CT: How to phrase this question. I mean, your visual life, the life of looking here, what does that mean, can you describe it? I noticed, for example, that there’s nothing entirely bare or stark, there’s always a line, a pathway, or a fencing using stone… MS-G: These marks and lines are the very spirit of the landscape, the last traces of survival. In an etching from the 80’s my reference to the stone walls around a group of enclosures have now all gone, but the markings are clearly left behind. Even fields that go back to the famine are still visible. They will never disappear. Making a living out of this rough stony land became increasingly difficult but when the filming of Ryan’s Daughter arrived in the late 60’s it gave a significant and much needed financial boost to the peninsula in a way unimagined before. Things started to change and everyone benefited. Then came a young orphaned wild dolphin Fungi, named after a fisherman. He quietly arrived from out there in the Atlantic thirty-one years ago and never left Dingle bay. He has become a legend delighting inspiring or giving solace to all from near and far. Back west, out here, there is the question of the and what is going to happen to it? There was a plan to build a new landing place and extend some of the original buildings of the islanders. That would have changed everything forever. This did not happen the government ran out of funds and ‘The Celtic Tiger’ passed before it could take over the Blasket Island. The future will bring its changes, but there is still a chance it will keep its integrity with its past. [End of recording 2]

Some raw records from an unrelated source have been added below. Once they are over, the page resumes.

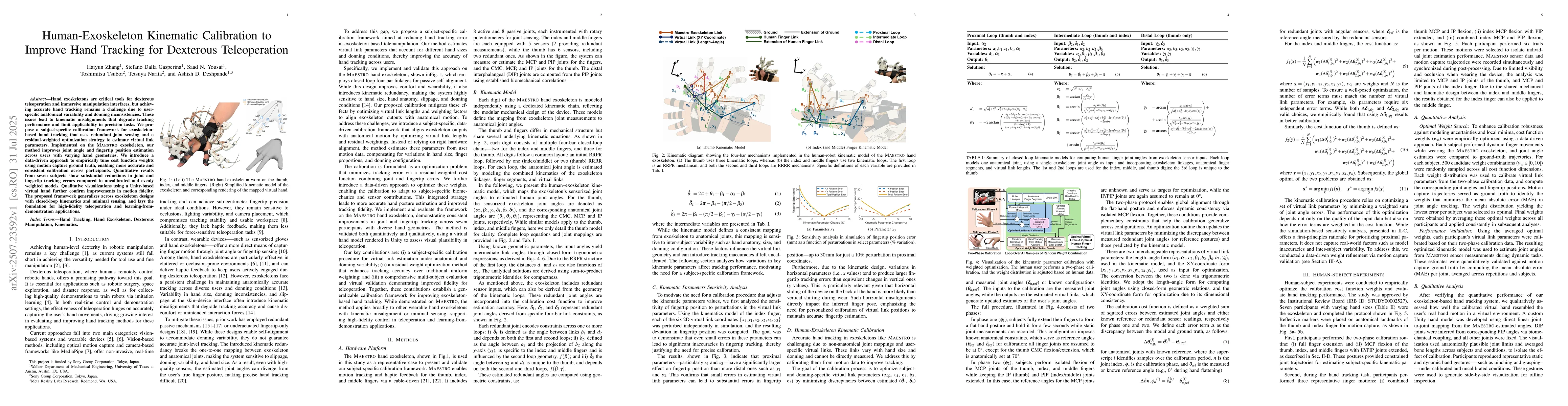 Hand exoskeletons are critical tools for dexterous teleoperation and immersive manipulation interfaces, but achieving accurate hand tracking remains a challenge due to user-specific anatomical variability and donning inconsistencies. These issues lead to kinematic misalignments that degrade tracking performance and limit applicability in precision tasks. We propose a subject-specific calibration framework for exoskeleton-based hand tracking that uses redundant joint sensing and a residual-weighted optimization strategy to estimate virtual link parameters. Implemented on the Maestro exoskeleton, our method improves joint angle and fingertip position estimation across users with varying hand geometries. We introduce a data-driven approach to empirically tune cost function weights using motion capture ground truth, enabling more accurate and consistent calibration across participants. Quantitative results from seven subjects show substantial reductions in joint and fingertip tracking errors compared to uncalibrated and evenly weighted models. Qualitative visualizations using a Unity-based virtual hand further confirm improvements in motion fidelity. The proposed framework generalizes across exoskeleton designs with closed-loop kinematics and minimal sensing, and lays the foundation for high-fidelity teleoperation and learning-from-demonstration applications.
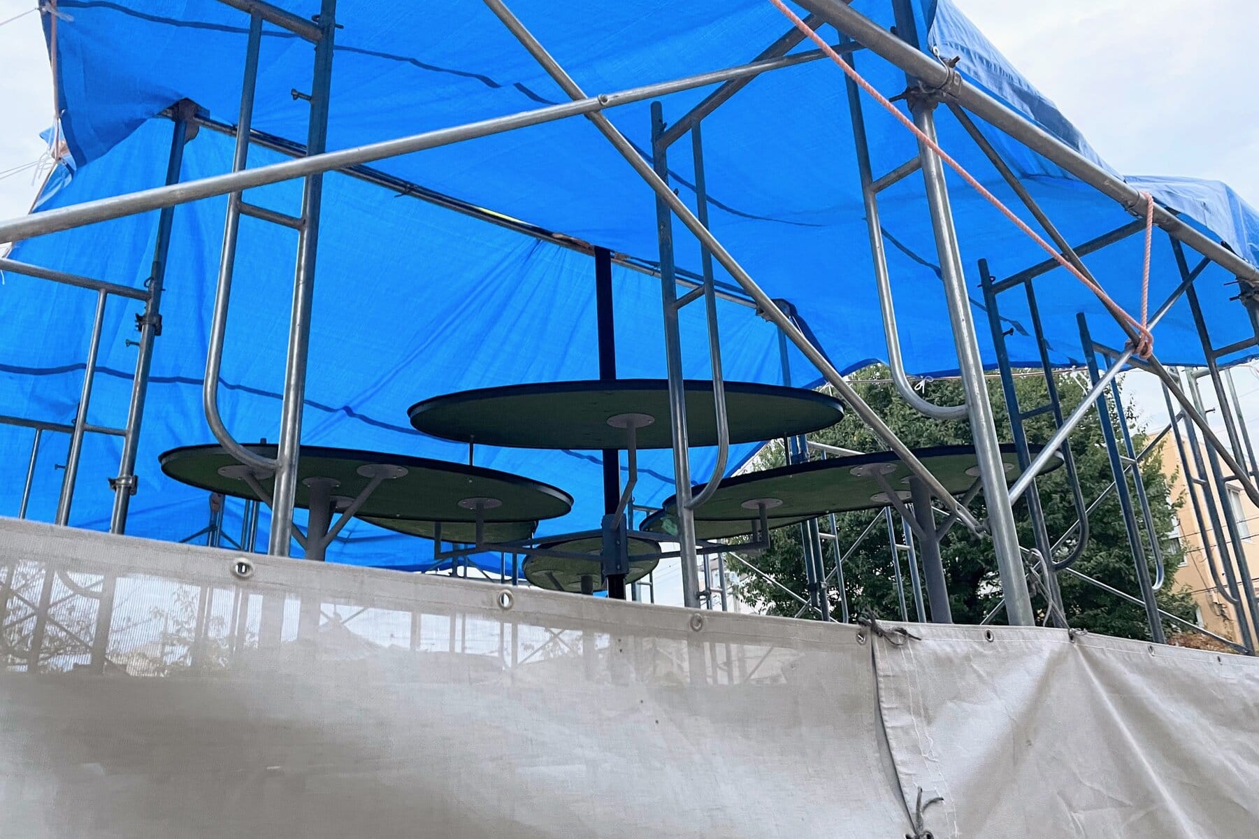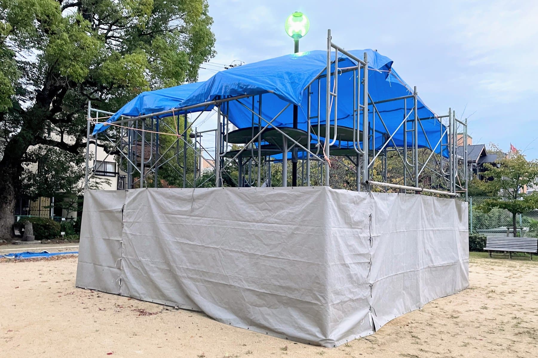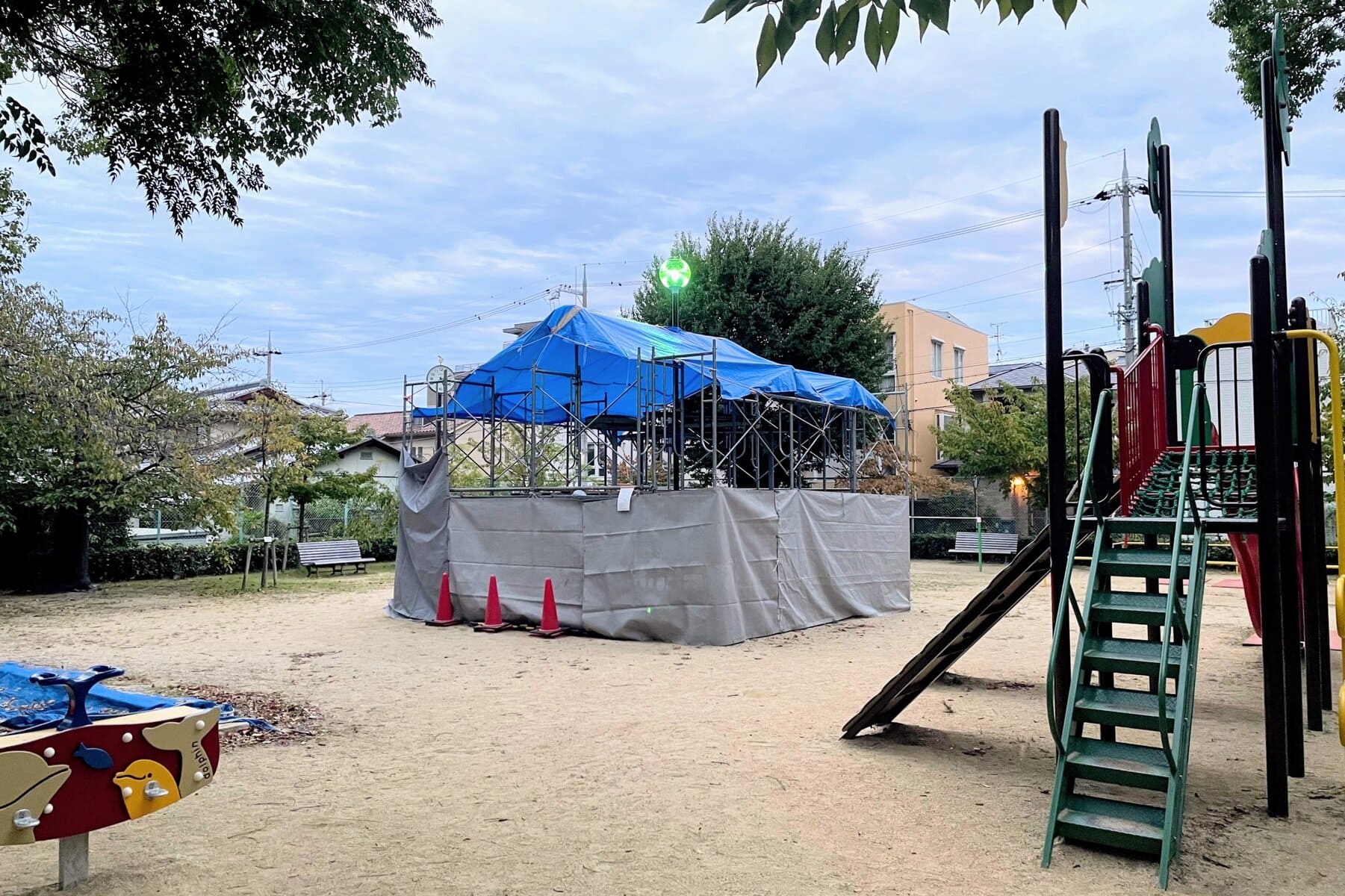 ↑まだシートに覆われていますが、結構大きな遊具?ベンチ?みたいなものができそう。
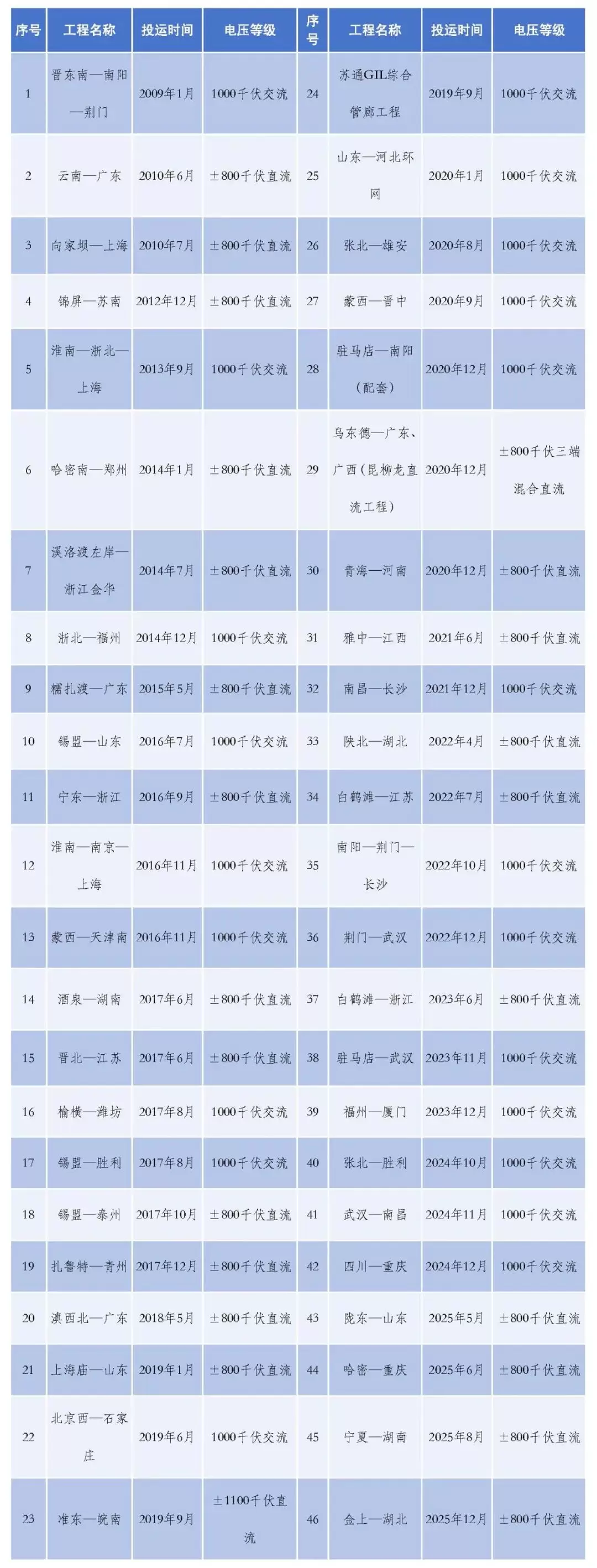 2025年全年共投运4项特高压工程。包括陇东—山东±800千伏、哈密—重庆±800千伏、宁夏—湖南±800千伏、金上—湖北±800千伏特高压直流输电工程。
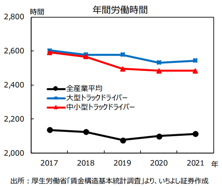 神様:2021年のトラックドライバーの年間労働時間を見ると、全産業平均と比較して、大型トラック運転者で432時間(月36時間)長く、中小型トラック運転者で384時間(月32時間)長い状況です。その一方で、年間所得は全産業平均と比較して、大型トラック運転者で約5%低く、中小型トラック運転者で約12%低いのです。
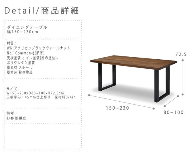 サイズ:W150~230xD80~100xH72.5cm
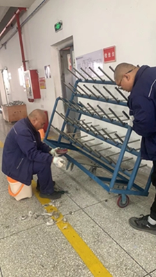 維修臺車時,我當(dāng)起了孫師傅的下手,一邊將臺車穩(wěn)住不能傾倒,一邊看著孫師傅卸下每個車輪子并進(jìn)行仔細(xì)清理,不怕臟、不怕累,毫無怨言,一絲不茍,動作利落,手法嫻熟,親身直面他的高效率和專業(yè)水平。他還對我詳細(xì)解說,讓我理解每個步驟的重要性和關(guān)鍵點。我們蔣姐也過來幫忙,不停的清掃臺車上清理出來的垃圾……

27 CT: We were talking about the way in which the original cottage, which is a one-room cottage now, is almost buried, and then when you walk out behind it, the extensions you’ve built open out to the island, the sky and the landscape. MS-G: Yes my cottage is built low into the ground to get shelter same as the cottages on the Blasket Island, and like them my door faces east. After installing water and electricity a year later I added a room to work and sleep in. It had a window facing south with lots of sunshine coming in which made it very difficult to work and I had to frequently draw my curtains to keep the sunlight out. My neighbours thought I was still in bed! Eventually years later the studio I had always dreamed and hoped for was built by Alec O’Connor who had great initative and marked out on the ground a larger and a much better plan than the original plan on paper. He built a wonderful studio and even on the darkest of days it is filled with a northern light and opens out to the Blaskets and the Skellig Rock.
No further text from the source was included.